Use a 1/8'" drill bit, spin it in by hand and you'll be amazed by the carbon it removes.


----------



## jjc155 (Oct 16, 2005)

TJJ said:


> Use a 1/8'" drill bit, spin it in by hand and you'll be amazed by the carbon it removes.


Ding Ding, winner winner chicken dinner, LOL. Thats how I do it too and you will be amazed at the amount of carbon that it scraps out of the primer pocket. First time I did this I had to start with a smaller bit and work my way up to the 1/8in there was so much.

J-


----------



## jmoser (Sep 11, 2002)

TJJ said:


> Use a 1/8'" drill bit, spin it in by hand and you'll be amazed by the carbon it removes.

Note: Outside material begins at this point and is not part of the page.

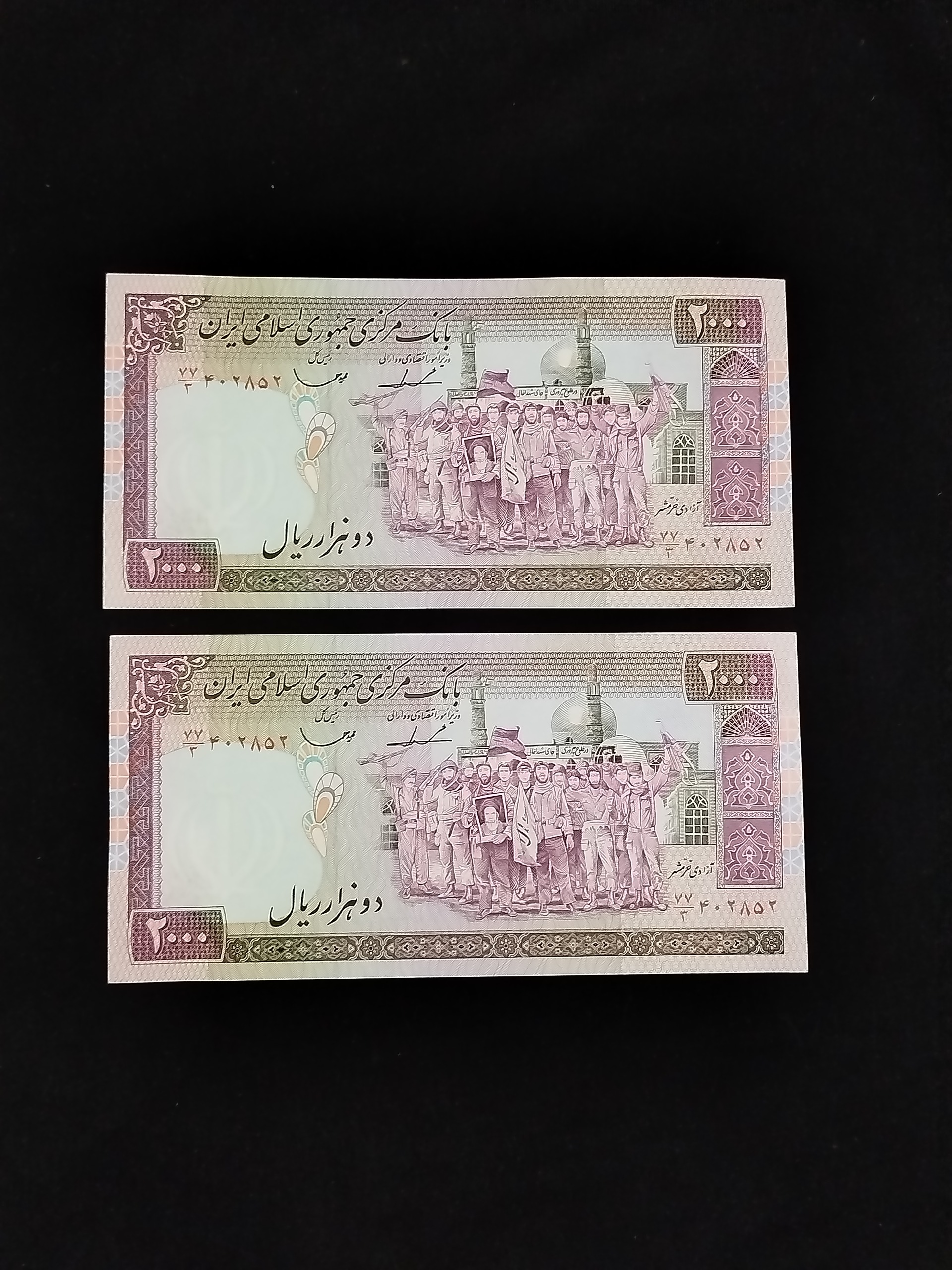 جفت اسکناس 2000 ریالی ایروانی قاسمی کمیاب کسر3

This is absolutely necessary to keep the primer pocket clean!

In addition I have a wire gauge drill bit to scrape the fouling out of the flash hole itself. Pipe cleaners work well but the drill bit really cuts through the hardest caked on crud. Every plug may be a bit different so I don't want to say what size to use - Radio Shack sells an inexpensive kit with several assorted sizes, handy to have around the shop for other needs as well!


----------



## decoydog (May 12, 2009)

Get the right size drill bit for your plug and that works great. other handi helpers are: CVA makes a tapered pipecleaner called a breech plug cleaner, this has a stiffer brissle and works great. also if you have a vent liner with a very small oraface (spelling):rant: get a torch tip cleaner and match the size and that also is a handy tool. watch out for the Q tip I had a tip come off in my breech plug and that cost me 45min of frustration getting it out. best advise; keep it clean don't wait till it's curded up


----------



## BUSTA'YOTE (Aug 26, 2003)

Peck said:


> What is the best way to clean the breach plug in my T/C Omega? I soak the plug in solvent and scrub it with an old tooth brush. I then blow it out with compressed air. I still do not believe the inside of the plug gets clean. Is there a special brush that will fit inside they plug? What works best?
> Thanks


TJJ answered your question with the best tool for the job, the 1/8" drill bit.

I have a set of drills that have a hex shank swadged onto them. They are very easy to grip by hand, and if you get some stubborn carbon you can pop them in a driver and get a little more aggressive. Just be careful not to get too carried away and start removing metal. You will know when you reach the bottom of the flame channel, then use a nipple pick to make sure the flash hole is clear. Like jcc said, you might need to start with a smaller bit and work up to the 1/8", that carbon can get extremely hard and you will swear that channel isn't 1/8", but it is.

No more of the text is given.